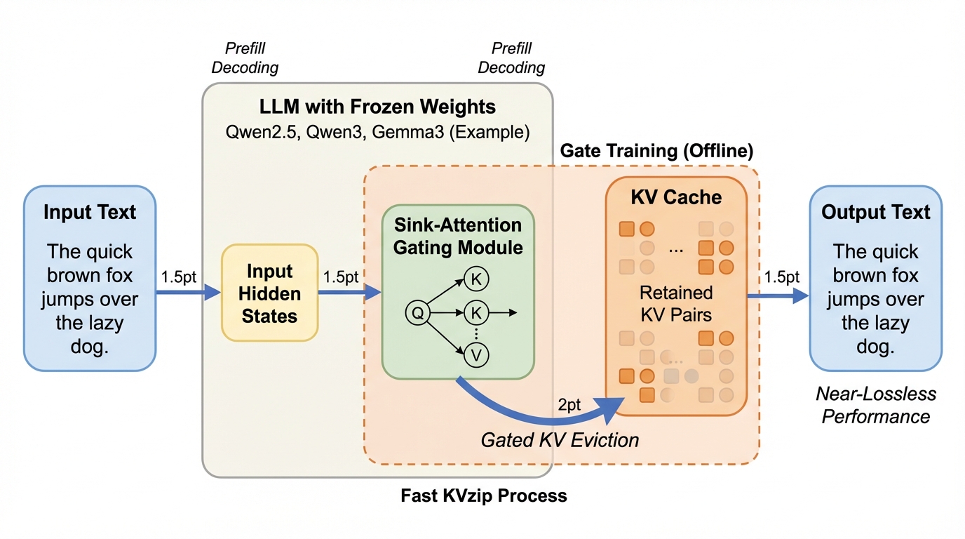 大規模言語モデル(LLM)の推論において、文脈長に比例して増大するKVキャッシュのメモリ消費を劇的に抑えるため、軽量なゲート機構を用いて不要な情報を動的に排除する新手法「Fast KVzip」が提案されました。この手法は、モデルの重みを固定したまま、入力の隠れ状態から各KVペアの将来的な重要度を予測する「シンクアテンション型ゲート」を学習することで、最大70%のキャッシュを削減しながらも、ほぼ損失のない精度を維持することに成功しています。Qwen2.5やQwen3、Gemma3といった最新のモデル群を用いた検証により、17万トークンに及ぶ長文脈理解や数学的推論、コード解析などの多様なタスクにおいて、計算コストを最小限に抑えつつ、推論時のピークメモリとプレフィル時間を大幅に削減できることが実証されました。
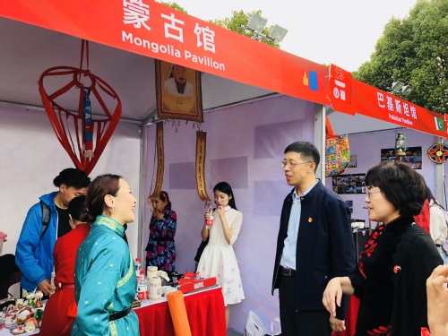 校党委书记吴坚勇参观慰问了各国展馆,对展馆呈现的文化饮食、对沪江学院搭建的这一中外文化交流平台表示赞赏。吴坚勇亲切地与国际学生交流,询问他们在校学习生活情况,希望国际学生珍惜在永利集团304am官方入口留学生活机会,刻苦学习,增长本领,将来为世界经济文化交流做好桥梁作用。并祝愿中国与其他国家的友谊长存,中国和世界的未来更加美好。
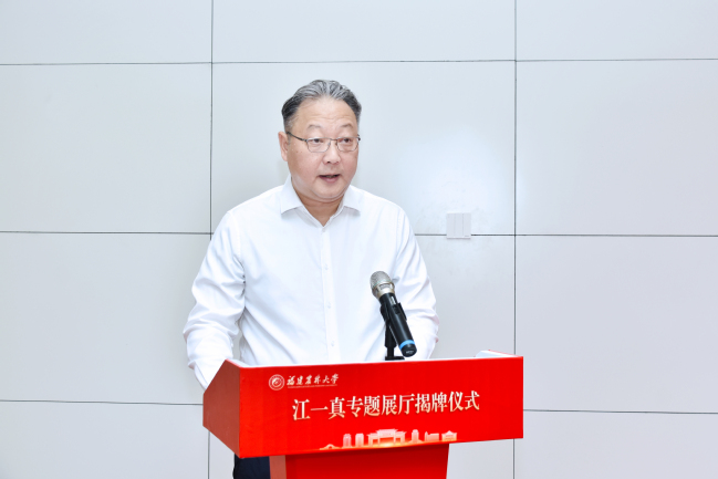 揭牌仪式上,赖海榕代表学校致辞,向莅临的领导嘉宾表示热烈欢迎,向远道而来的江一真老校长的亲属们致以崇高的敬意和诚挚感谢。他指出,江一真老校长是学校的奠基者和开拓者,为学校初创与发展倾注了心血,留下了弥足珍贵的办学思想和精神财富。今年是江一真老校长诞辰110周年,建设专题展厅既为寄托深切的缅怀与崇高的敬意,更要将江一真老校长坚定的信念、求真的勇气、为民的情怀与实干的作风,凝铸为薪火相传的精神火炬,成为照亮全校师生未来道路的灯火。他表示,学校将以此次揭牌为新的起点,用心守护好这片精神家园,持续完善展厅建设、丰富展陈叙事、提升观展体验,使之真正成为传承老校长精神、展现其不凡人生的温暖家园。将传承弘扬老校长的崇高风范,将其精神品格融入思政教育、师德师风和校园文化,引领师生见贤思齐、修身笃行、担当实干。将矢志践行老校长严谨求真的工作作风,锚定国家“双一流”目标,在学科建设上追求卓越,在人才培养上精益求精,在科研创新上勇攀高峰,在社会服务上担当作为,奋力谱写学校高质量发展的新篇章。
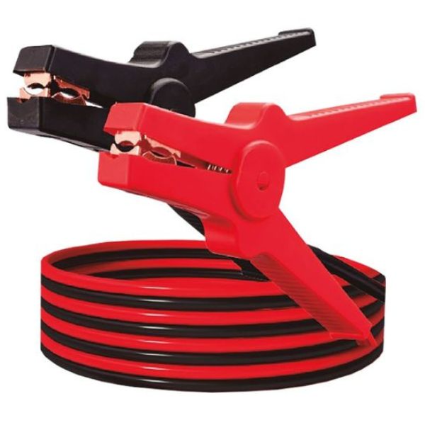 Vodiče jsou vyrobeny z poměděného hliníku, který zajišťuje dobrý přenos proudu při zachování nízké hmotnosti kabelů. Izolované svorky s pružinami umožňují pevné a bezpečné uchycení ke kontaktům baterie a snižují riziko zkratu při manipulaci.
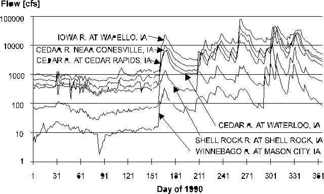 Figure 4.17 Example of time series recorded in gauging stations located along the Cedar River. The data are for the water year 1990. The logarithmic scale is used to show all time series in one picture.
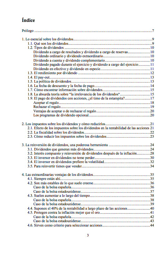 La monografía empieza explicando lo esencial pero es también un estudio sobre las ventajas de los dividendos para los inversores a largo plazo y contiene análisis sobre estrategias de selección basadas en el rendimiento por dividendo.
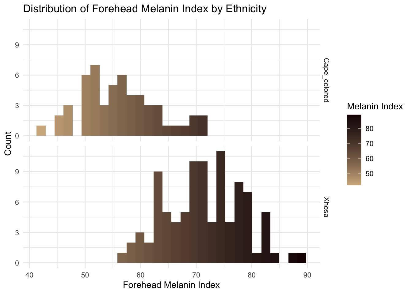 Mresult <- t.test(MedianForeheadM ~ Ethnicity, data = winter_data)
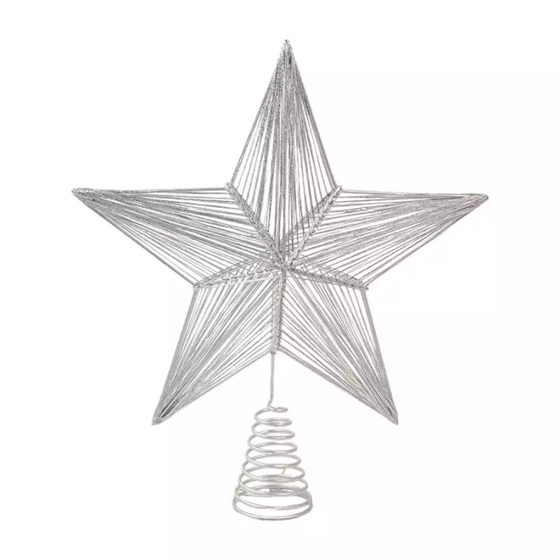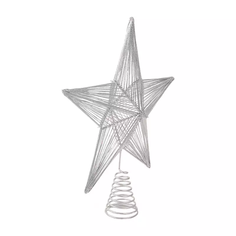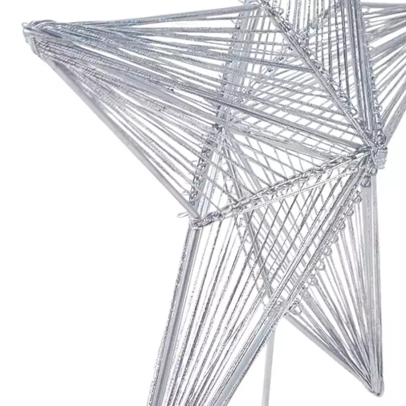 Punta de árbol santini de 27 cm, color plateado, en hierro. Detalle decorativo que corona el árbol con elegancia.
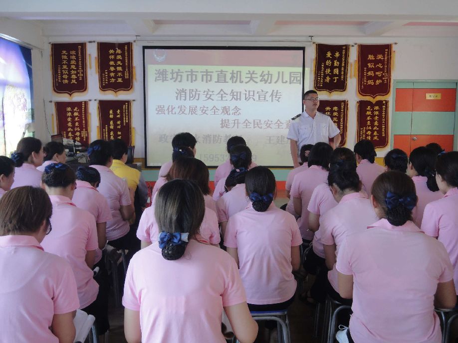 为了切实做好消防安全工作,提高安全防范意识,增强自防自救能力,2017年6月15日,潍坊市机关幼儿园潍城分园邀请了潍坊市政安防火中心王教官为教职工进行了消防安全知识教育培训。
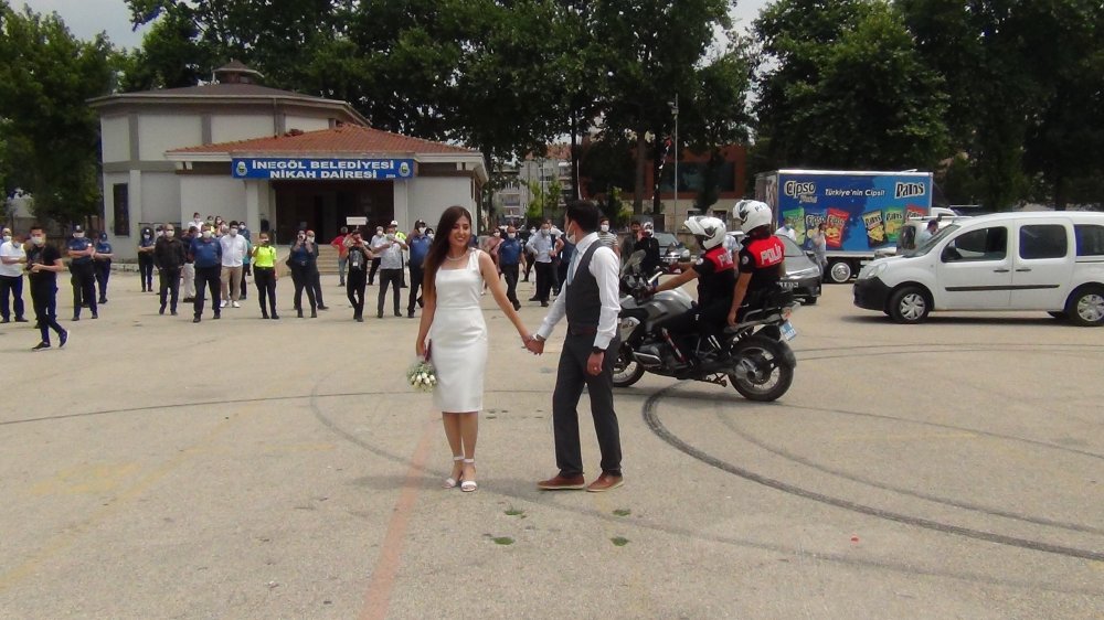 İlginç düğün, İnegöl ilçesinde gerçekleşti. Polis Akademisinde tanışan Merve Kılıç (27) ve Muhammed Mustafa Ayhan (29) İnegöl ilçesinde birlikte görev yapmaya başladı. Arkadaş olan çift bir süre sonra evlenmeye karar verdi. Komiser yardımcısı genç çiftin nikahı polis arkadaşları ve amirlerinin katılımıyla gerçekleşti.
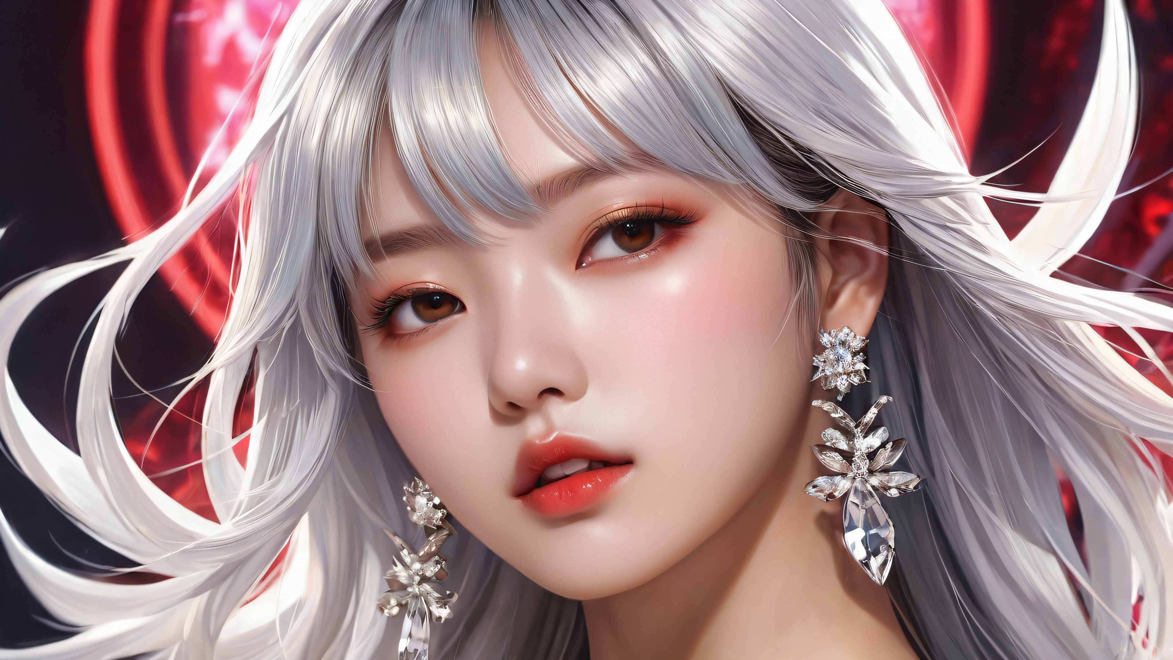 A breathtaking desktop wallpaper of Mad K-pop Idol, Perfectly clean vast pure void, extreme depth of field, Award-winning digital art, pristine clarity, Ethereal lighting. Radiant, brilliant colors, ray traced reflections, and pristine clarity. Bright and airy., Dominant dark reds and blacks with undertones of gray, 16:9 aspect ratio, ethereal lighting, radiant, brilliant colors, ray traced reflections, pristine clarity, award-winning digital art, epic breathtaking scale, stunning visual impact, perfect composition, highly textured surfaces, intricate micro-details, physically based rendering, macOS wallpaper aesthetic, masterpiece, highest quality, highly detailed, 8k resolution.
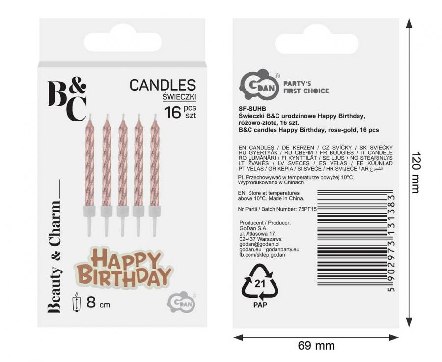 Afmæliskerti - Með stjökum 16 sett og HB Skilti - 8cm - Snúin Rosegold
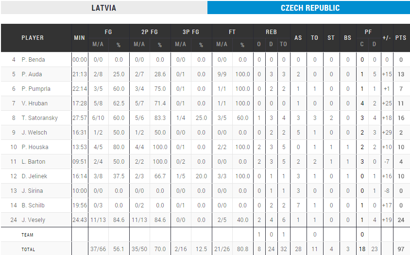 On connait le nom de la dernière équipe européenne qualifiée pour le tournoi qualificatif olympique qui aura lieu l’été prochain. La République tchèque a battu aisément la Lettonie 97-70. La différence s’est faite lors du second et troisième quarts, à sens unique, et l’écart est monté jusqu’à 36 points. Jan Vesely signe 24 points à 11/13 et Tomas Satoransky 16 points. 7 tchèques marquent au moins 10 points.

◆ **TASK TO COMPLETE**: The expected output is every line of the data, unchanged, with the pictures skipped.

◆ **SOLVED PROBLEM**:
 大規模言語モデル(LLM)の推論において、文脈長に比例して増大するKVキャッシュのメモリ消費を劇的に抑えるため、軽量なゲート機構を用いて不要な情報を動的に排除する新手法「Fast KVzip」が提案されました。この手法は、モデルの重みを固定したまま、入力の隠れ状態から各KVペアの将来的な重要度を予測する「シンクアテンション型ゲート」を学習することで、最大70%のキャッシュを削減しながらも、ほぼ損失のない精度を維持することに成功しています。Qwen2.5やQwen3、Gemma3といった最新のモデル群を用いた検証により、17万トークンに及ぶ長文脈理解や数学的推論、コード解析などの多様なタスクにおいて、計算コストを最小限に抑えつつ、推論時のピークメモリとプレフィル時間を大幅に削減できることが実証されました。
 校党委书记吴坚勇参观慰问了各国展馆,对展馆呈现的文化饮食、对沪江学院搭建的这一中外文化交流平台表示赞赏。吴坚勇亲切地与国际学生交流,询问他们在校学习生活情况,希望国际学生珍惜在永利集团304am官方入口留学生活机会,刻苦学习,增长本领,将来为世界经济文化交流做好桥梁作用。并祝愿中国与其他国家的友谊长存,中国和世界的未来更加美好。
 揭牌仪式上,赖海榕代表学校致辞,向莅临的领导嘉宾表示热烈欢迎,向远道而来的江一真老校长的亲属们致以崇高的敬意和诚挚感谢。他指出,江一真老校长是学校的奠基者和开拓者,为学校初创与发展倾注了心血,留下了弥足珍贵的办学思想和精神财富。今年是江一真老校长诞辰110周年,建设专题展厅既为寄托深切的缅怀与崇高的敬意,更要将江一真老校长坚定的信念、求真的勇气、为民的情怀与实干的作风,凝铸为薪火相传的精神火炬,成为照亮全校师生未来道路的灯火。他表示,学校将以此次揭牌为新的起点,用心守护好这片精神家园,持续完善展厅建设、丰富展陈叙事、提升观展体验,使之真正成为传承老校长精神、展现其不凡人生的温暖家园。将传承弘扬老校长的崇高风范,将其精神品格融入思政教育、师德师风和校园文化,引领师生见贤思齐、修身笃行、担当实干。将矢志践行老校长严谨求真的工作作风,锚定国家“双一流”目标,在学科建设上追求卓越,在人才培养上精益求精,在科研创新上勇攀高峰,在社会服务上担当作为,奋力谱写学校高质量发展的新篇章。
 Vodiče jsou vyrobeny z poměděného hliníku, který zajišťuje dobrý přenos proudu při zachování nízké hmotnosti kabelů. Izolované svorky s pružinami umožňují pevné a bezpečné uchycení ke kontaktům baterie a snižují riziko zkratu při manipulaci.
 Figure 4.17 Example of time series recorded in gauging stations located along the Cedar River. The data are for the water year 1990. The logarithmic scale is used to show all time series in one picture.
 La monografía empieza explicando lo esencial pero es también un estudio sobre las ventajas de los dividendos para los inversores a largo plazo y contiene análisis sobre estrategias de selección basadas en el rendimiento por dividendo.
 Mresult <- t.test(MedianForeheadM ~ Ethnicity, data = winter_data)
 Punta de árbol santini de 27 cm, color plateado, en hierro. Detalle decorativo que corona el árbol con elegancia.
 为了切实做好消防安全工作,提高安全防范意识,增强自防自救能力,2017年6月15日,潍坊市机关幼儿园潍城分园邀请了潍坊市政安防火中心王教官为教职工进行了消防安全知识教育培训。
 İlginç düğün, İnegöl ilçesinde gerçekleşti. Polis Akademisinde tanışan Merve Kılıç (27) ve Muhammed Mustafa Ayhan (29) İnegöl ilçesinde birlikte görev yapmaya başladı. Arkadaş olan çift bir süre sonra evlenmeye karar verdi. Komiser yardımcısı genç çiftin nikahı polis arkadaşları ve amirlerinin katılımıyla gerçekleşti.
 A breathtaking desktop wallpaper of Mad K-pop Idol, Perfectly clean vast pure void, extreme depth of field, Award-winning digital art, pristine clarity, Ethereal lighting. Radiant, brilliant colors, ray traced reflections, and pristine clarity. Bright and airy., Dominant dark reds and blacks with undertones of gray, 16:9 aspect ratio, ethereal lighting, radiant, brilliant colors, ray traced reflections, pristine clarity, award-winning digital art, epic breathtaking scale, stunning visual impact, perfect composition, highly textured surfaces, intricate micro-details, physically based rendering, macOS wallpaper aesthetic, masterpiece, highest quality, highly detailed, 8k resolution.
 Afmæliskerti - Með stjökum 16 sett og HB Skilti - 8cm - Snúin Rosegold
 On connait le nom de la dernière équipe européenne qualifiée pour le tournoi qualificatif olympique qui aura lieu l’été prochain. La République tchèque a battu aisément la Lettonie 97-70. La différence s’est faite lors du second et troisième quarts, à sens unique, et l’écart est monté jusqu’à 36 points. Jan Vesely signe 24 points à 11/13 et Tomas Satoransky 16 points. 7 tchèques marquent au moins 10 points.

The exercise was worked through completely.